T3 Dispersed Knowledge and an E. Theory of the firm Flashcards
How can the theory of dispersed Knowledge by Dev et al. explain the existence of firms? (alternatively to transaction cost theory)
Dispersed Knowledge
- ->cross-sectional uncertainty –>Knightian uncertainty –>heterogeneous expectations: individuals differ in opp costs, knowledge, expectations.: ind. opp. nexus. This leads to NO market transaction: value opp differently
- ->need for new firm genesis in existing or new firm
What is the difference between cross-sectional and knightian/longitudinal uncertainty?
- cross-sectional: different people in different places know different things.
- knightian: additionally: different expectations over time (of the future)
Acc. to dispersed knowledge theory: how can an opportunity be exploited when identified OUTSIDE of an existing firm?

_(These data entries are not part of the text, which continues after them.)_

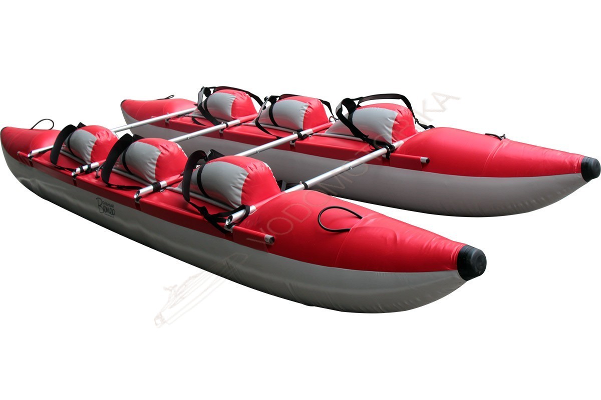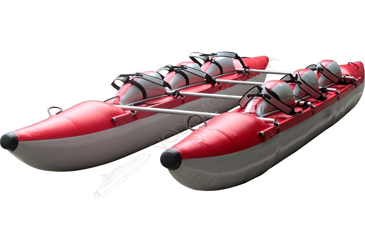 Обводы катамарана позволяют легко управлять им при прохождении порогов и держать хорошую скорость на плесах, а расстояние между сидушками позволяет полноценно работать всем членам экипажа при любых маневрах.
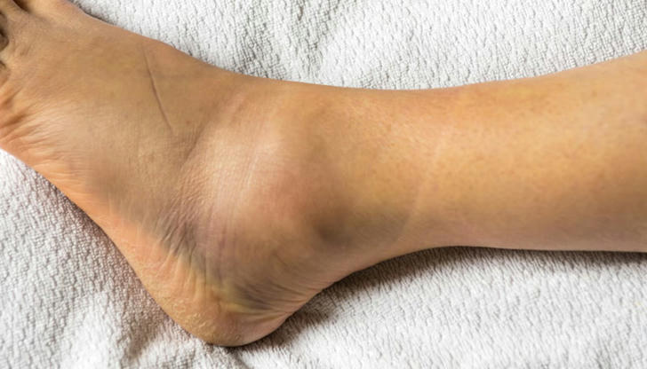 What is the medical term for fluid buildup in tissues after an ankle twist?
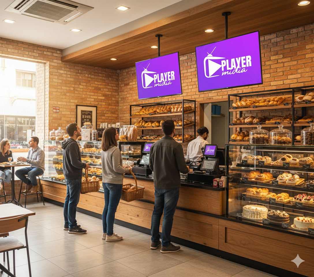 Local de parada obrigatória para aquele cafezinho logo cedo, as padarias são importantes pontos de mídia e a Tv Player Mídia tem como parceiros os principais nomes do setor, com telas espalhadas pelas lojas.

- Service markets: there is no market for the service yer –>E organises uncertainty about outcome into a contract –> firm, residual contact
- Product markets: high novelty –> high uncertainty –> high likelihood of failure (no comparables)
- Factor markets: sales could be in form of licenses, E- knows how to keep cost of factors lower than the market
Acc. to dispersed knowledge theory: how can an opportunity be exploited when identified WITHIN an existing firm?
1) overall agreement on value –> expl. within firm, BUT: pay attention if the firm has rights to the idea
2) agreement only within the firm: firm has specific knowledge –> expl within firm
3) agreement outside the firm: cost inside too high to implement.–> expl. in new firm.